Prakiraan Cuaca Bali Jumat 22 Mei 2026: Waspada Potensi Hujan Petir di Siang Hari
Prakiraan Cuaca Bali Jumat 22 Mei 2026: Waspada Potensi Hujan Petir di Siang Hari/ balikonten
DENPASAR, BALIKONTEN.COM – Badan Meteorologi, Klimatologi, dan Geofisika (BMKG) merilis data prakiraan cuaca terbaru untuk wilayah Bali pada Jumat, 22 Mei 2026. Berdasarkan informasi resmi tersebut, masyarakat dan wisatawan yang sedang berada di Pulau Dewata diimbau untuk mengantisipasi perubahan kondisi cuaca, terutama pada siang hari.
Berikut adalah rincian lengkap mengenai kondisi atmosfer, suhu udara, hingga potensi presipitasi di Bali sepanjang hari Jumat.
Potensi Hujan Petir dan Kondisi Langit
Data Google Weather yang bersumber dari pemantauan cuaca menunjukkan bahwa Bali akan didominasi oleh dua kondisi utama sejak siang hingga malam hari:
- Siang Hari: Wilayah Bali berpotensi mengalami hujan badai lokal atau hujan yang disertai kilat dan petir (scattered thunderstorms).

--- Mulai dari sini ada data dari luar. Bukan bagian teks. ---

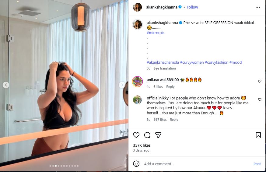 આકાંક્ષાએ પોતાના ફોટો એકાઉન્ટ પર શેર કરતાં કેપ્શનમાં લખ્યું હતું કે ફરી પાછી એ જ સેલ્ફ ઓબ્સેશનવાળી સમસ્યા… આકાંક્ષાનું સોશિયલ મીડિયા એકાઉન્ટ આવા જ હોટ, સિઝલિંગ અને રીવિલિંગ ફોટોઝથી ભર્યું પડ્યું છે. જોકે, ઘણી વખત આકાંક્ષાને આને કારણે ટ્રોલિંગનો સામનો પણ કરવો પડે છે.

- Malam Hari: Kondisi cuaca akan beralih menjadi sebagian besar berawan (mostly cloudy).
Peluang terjadinya curah hujan atau probabilitas presipitasi tercatat cukup dinamis. Pada siang hari, persentase kemungkinan hujan mencapai angka 45%. Memasuki malam hari, peluang turunnya hujan menurun menjadi 25%.
Suhu Udara, Kelembapan, dan Kecepatan Angin
Suhu di wilayah Bali berada pada rentang yang relatif hangat dengan tingkat kelembapan udara yang tinggi. Hal ini dapat memicu rasa gerah atau kurang nyaman bagi masyarakat yang beraktivitas di luar ruangan.
- Suhu Maksimum: 28°C
- Suhu Minimum: 22°C
- Kelembapan Udara: 81%
- Indeks UV: 4 (Kategori Sedang)
Pergerakan udara di sekitar wilayah pulau terpantau tenang. Angin bertiup dari arah tenggara (southeast) dengan kecepatan yang cukup rendah, yakni hanya 3 mil per jam (mph).
Imbauan Keselamatan dari BMKG
Sejalan dengan rilis grafis pemantauan cuaca, BMKG pusat juga memasukkan wilayah Provinsi Bali ke dalam status Waspada terhadap potensi dampak cuaca ekstrem berupa hujan dengan intensitas sedang hingga lebat untuk periode 21 hingga 22 Mei 2026.
Masyarakat diharapkan tetap berhati-hati terhadap dampak hidrometeorologi yang mungkin timbul akibat hujan petir, seperti genangan air sesaat di jalan raya, penurunan jarak pandang saat berkendara, hingga petir yang menyambar. Menyediakan payung atau jas hujan sebelum melakukan perjalanan luar ruangan pada siang hari sangat disarankan agar aktivitas tetap berjalan lancar.